### Your objective
Set down each entry as it stands. Skip the pictures.

(Extracted records)
________

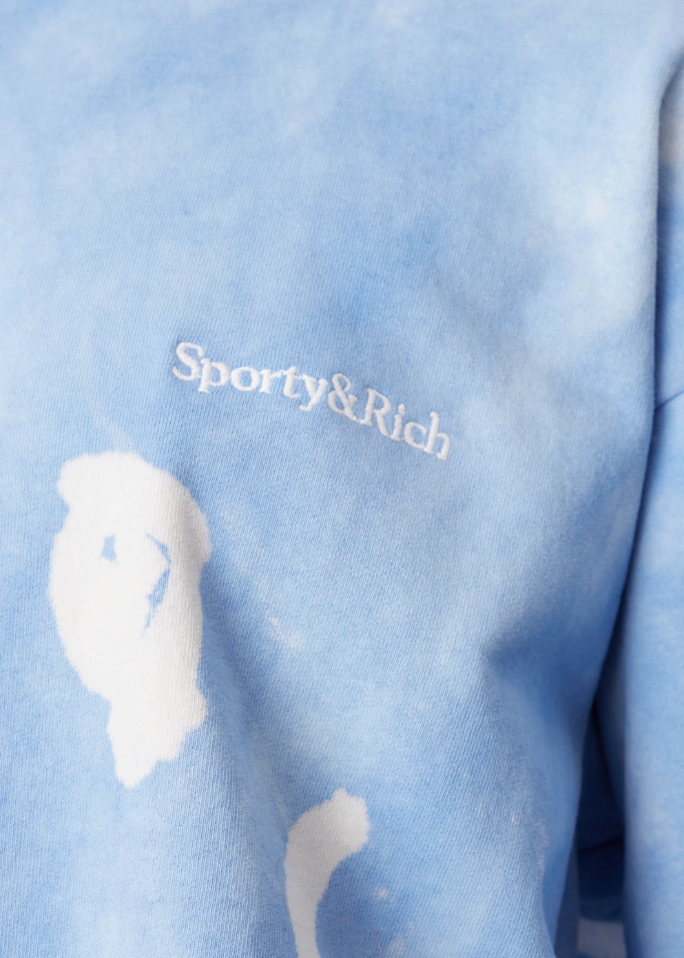 All about health and wellness, Sporty & Rich is the Los Angeles-based label that prides itself on sustainability, quality and a distinct ’90s-inspired sports aesthetic. The brands new summer collection puts an exciting twist to the classic styles, the iconic Serif Logo Embroidered Tie Dye Crewneck is crafted in thick cotton jersey with an embroidered logo over the heart. It’s fashioned with a tie-dye print throughout.
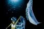 優雅な水中ファンタジー、マンタと女性ダンサーが水中で踊りの競演
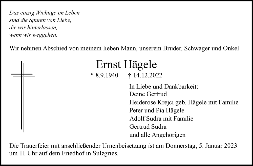 Hier finden Sie alle Traueranzeigen aus der Zeitung, die bisher für Ernst Hägele erschienen sind. Weitere Traueranzeigen, die in der Zeitung erscheinen, werden hier ebenfalls aufgelistet
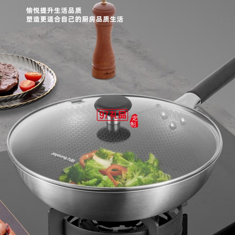 九陽304不銹鋼炒鍋 不粘炒菜鍋CJ929定制公司廣告禮品
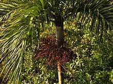 It is a monoecious tree. It grows generally on the steep rocky slopes and cliffs in the rainforests of the southern Western Ghats. It is endemic to this region. It is found mainly at an altitude of 1000–1800 msl.[2] This palm grows up to 10m tall with the girth of about 15 cm. Flowers and nuts can be seen throughout the year.[3] Although it is restricted to certain isolated regions, it is common in few places within its distributional range.[4] Its heart is eaten by the local tribal people.[5]
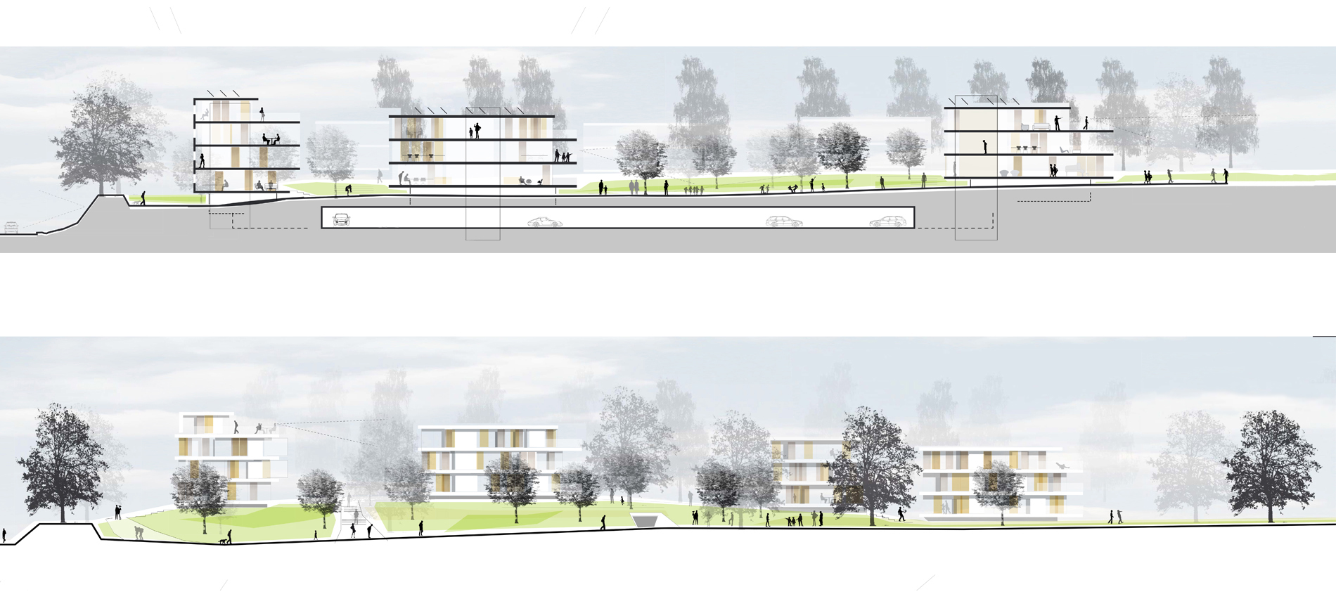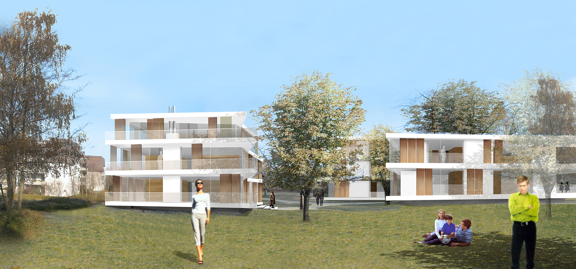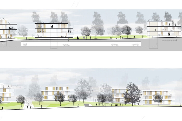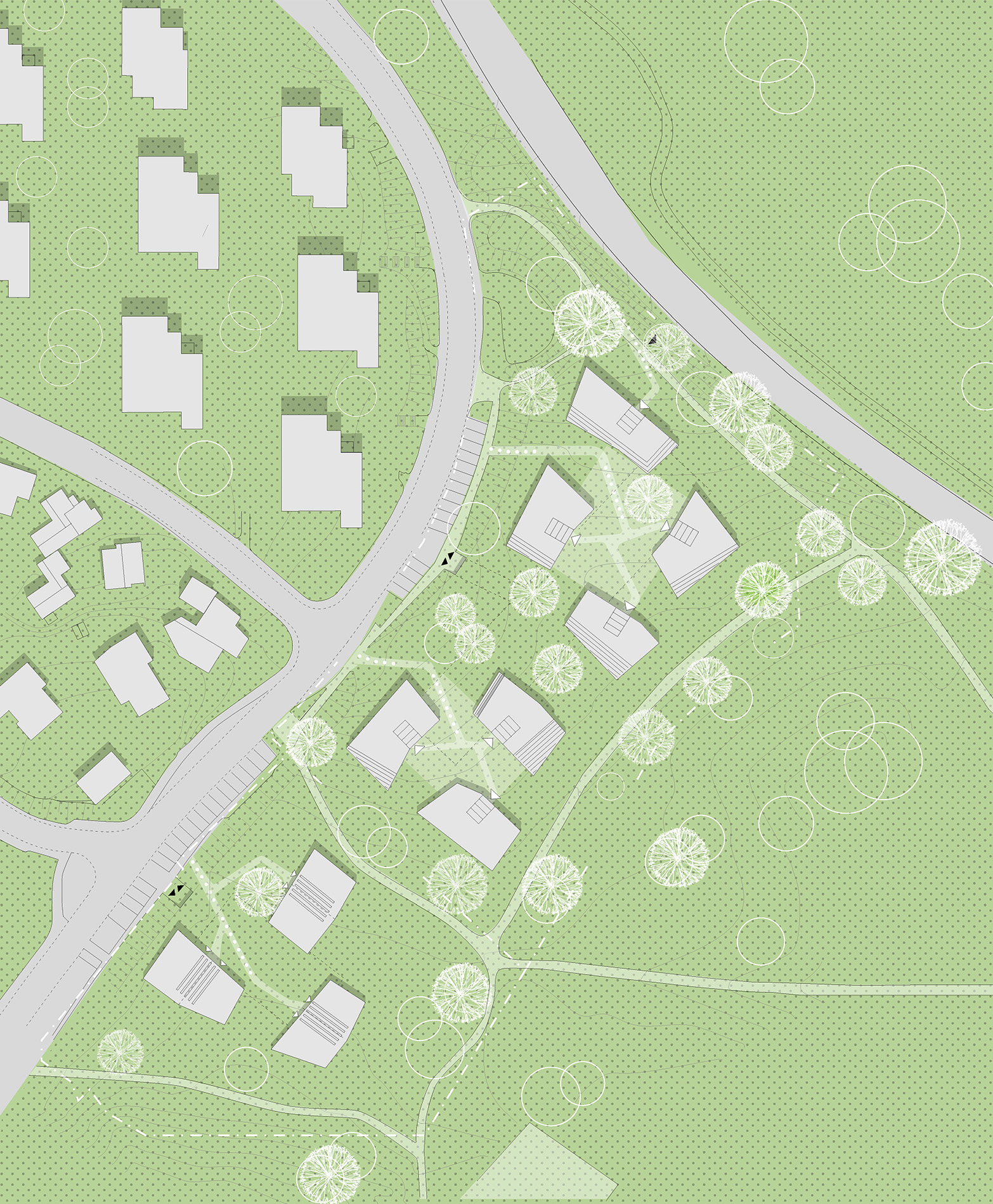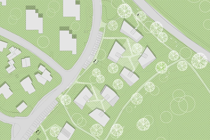 Die außergewöhnliche Lage des Planungsgebietes an der Schnittstelle zwischen Landschaftsraum und Stadtraum ist einer der bestimmenden Momente für den Entwurf der neuen Wohnanlage mit 10 Stadtvillen in Leonberg. Das historische Grundstück der „Kirschgärten“ mit seinem offenen, lieblichen Charakter einer Streuobstwiese verbindet sich großzügig mit dem angrenzenden Grünraum. Die neuen Wohnhäuser sind ein Teil dieses „Kirschgartens“ mit seinen fließenden räumlichen Übergängen. Die lockere Gruppierung der Häuser unterstreicht diese Idee. Es entstehen drei individuelle Häusergruppen, die jeweils über einen Fußweg und einen zentralen platzartigen Bereich erschlossen werden. Die Fahranbindung erfolgt über zwei Tiefgaragen, über die die Wohneinheiten direkt erschlossen werden. Somit bleiben die Bereiche zwischen den Gebäuden frei von Autos und der „Garten“ - Charakter der Gesamtanlage bleibt erhalten. Sie wird als räumlicher Teil des gesamten Parks empfunden.
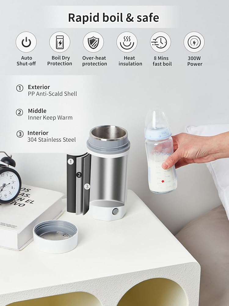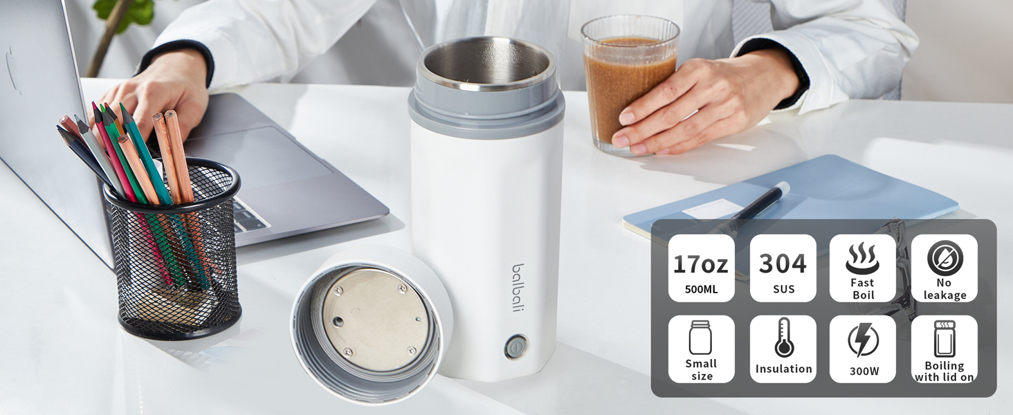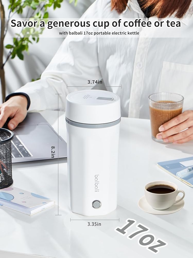 balbali 17oz Travel Kettle Portable Electric Kettle - Mini Hot Water Boiler/Maker/Heater/Warmer for Tea - Small Electric Thermos Heated Travel Mug - Portable Kettle for Travel - White

________

### Solution to the exercise
 All about health and wellness, Sporty & Rich is the Los Angeles-based label that prides itself on sustainability, quality and a distinct ’90s-inspired sports aesthetic. The brands new summer collection puts an exciting twist to the classic styles, the iconic Serif Logo Embroidered Tie Dye Crewneck is crafted in thick cotton jersey with an embroidered logo over the heart. It’s fashioned with a tie-dye print throughout.
 優雅な水中ファンタジー、マンタと女性ダンサーが水中で踊りの競演
 Hier finden Sie alle Traueranzeigen aus der Zeitung, die bisher für Ernst Hägele erschienen sind. Weitere Traueranzeigen, die in der Zeitung erscheinen, werden hier ebenfalls aufgelistet
 九陽304不銹鋼炒鍋 不粘炒菜鍋CJ929定制公司廣告禮品
 It is a monoecious tree. It grows generally on the steep rocky slopes and cliffs in the rainforests of the southern Western Ghats. It is endemic to this region. It is found mainly at an altitude of 1000–1800 msl.[2] This palm grows up to 10m tall with the girth of about 15 cm. Flowers and nuts can be seen throughout the year.[3] Although it is restricted to certain isolated regions, it is common in few places within its distributional range.[4] Its heart is eaten by the local tribal people.[5]
 Die außergewöhnliche Lage des Planungsgebietes an der Schnittstelle zwischen Landschaftsraum und Stadtraum ist einer der bestimmenden Momente für den Entwurf der neuen Wohnanlage mit 10 Stadtvillen in Leonberg. Das historische Grundstück der „Kirschgärten“ mit seinem offenen, lieblichen Charakter einer Streuobstwiese verbindet sich großzügig mit dem angrenzenden Grünraum. Die neuen Wohnhäuser sind ein Teil dieses „Kirschgartens“ mit seinen fließenden räumlichen Übergängen. Die lockere Gruppierung der Häuser unterstreicht diese Idee. Es entstehen drei individuelle Häusergruppen, die jeweils über einen Fußweg und einen zentralen platzartigen Bereich erschlossen werden. Die Fahranbindung erfolgt über zwei Tiefgaragen, über die die Wohneinheiten direkt erschlossen werden. Somit bleiben die Bereiche zwischen den Gebäuden frei von Autos und der „Garten“ - Charakter der Gesamtanlage bleibt erhalten. Sie wird als räumlicher Teil des gesamten Parks empfunden.
 balbali 17oz Travel Kettle Portable Electric Kettle - Mini Hot Water Boiler/Maker/Heater/Warmer for Tea - Small Electric Thermos Heated Travel Mug - Portable Kettle for Travel - White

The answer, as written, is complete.